* To do *
Your copy of the data below must be exact and must leave out all pictures.

* Information shown *
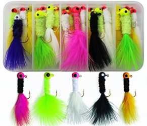 20pcs/box Crappie Jigs Assorted Colors Lead Head Hook With Marabou Chenille for Bass Pike Walleye Fishing Jig With Feather, Fishing Hard Lure Accessory Ice Fishing Jigs Size assorted: 1/32oz,
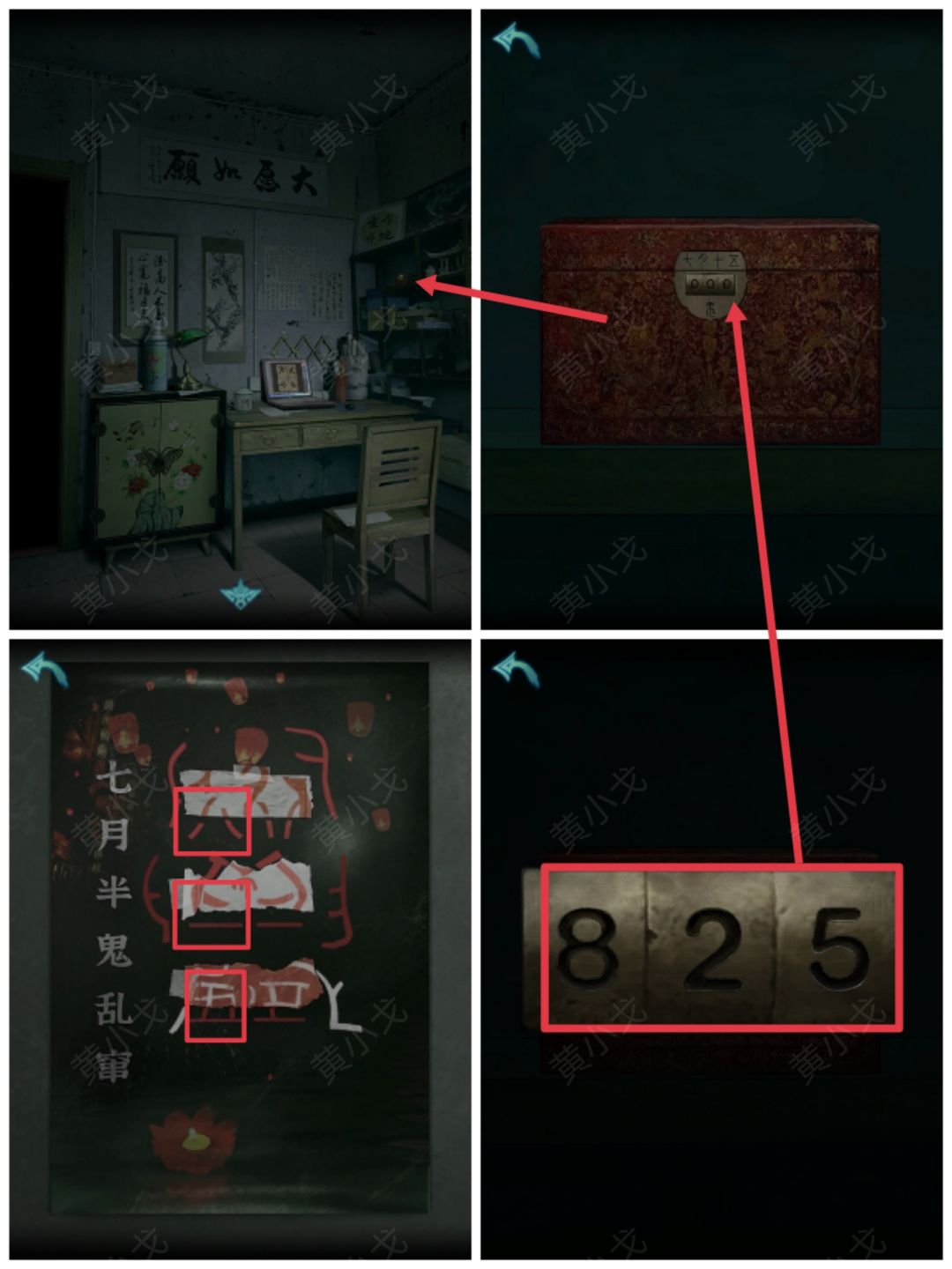 1.(401书房)点击架子上的盒子,根据海报上的线索( 八二五),输入密码:825
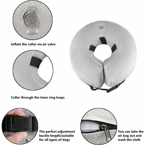 Collier gonflable pour chien, permettent d’être inflate avec pompe à ballon et même la bouche, facile à utiliser.
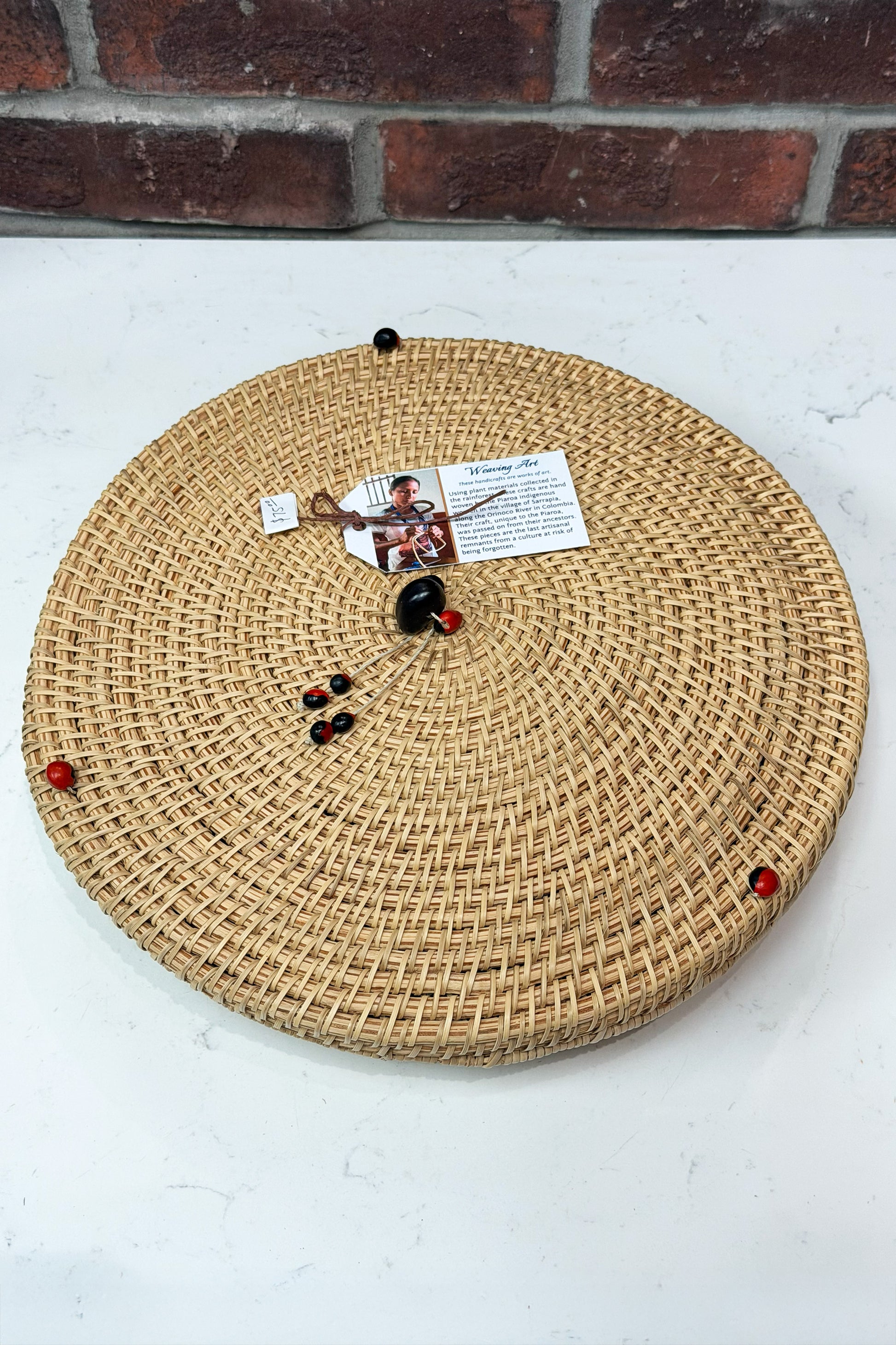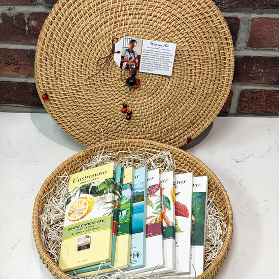 These exquisite gift baskets, filled with an assortment of our chocolate bars (3 milk chocolate, 1 white chocolate, 4 dark chocolate), are meticulously crafted by the indigenous Piaroa women, who live along the banks of the Orinoco River in the Amazon region. The Piaroa handicraft of weaving is an artform at risk of being lost with future generations as the younger children move from the Orinoquia region to the city. The baskets are skillfully woven with materials collected in the rainforest including seeds such as maize, rosary pea, and deer eye. Each basket is unique, a true work of art you can reuse for storage or display. Dimensions: round 12” wide, 3” tall

* Response *
 20pcs/box Crappie Jigs Assorted Colors Lead Head Hook With Marabou Chenille for Bass Pike Walleye Fishing Jig With Feather, Fishing Hard Lure Accessory Ice Fishing Jigs Size assorted: 1/32oz,
 1.(401书房)点击架子上的盒子,根据海报上的线索( 八二五),输入密码:825
 Collier gonflable pour chien, permettent d’être inflate avec pompe à ballon et même la bouche, facile à utiliser.
 These exquisite gift baskets, filled with an assortment of our chocolate bars (3 milk chocolate, 1 white chocolate, 4 dark chocolate), are meticulously crafted by the indigenous Piaroa women, who live along the banks of the Orinoco River in the Amazon region. The Piaroa handicraft of weaving is an artform at risk of being lost with future generations as the younger children move from the Orinoquia region to the city. The baskets are skillfully woven with materials collected in the rainforest including seeds such as maize, rosary pea, and deer eye. Each basket is unique, a true work of art you can reuse for storage or display. Dimensions: round 12” wide, 3” tall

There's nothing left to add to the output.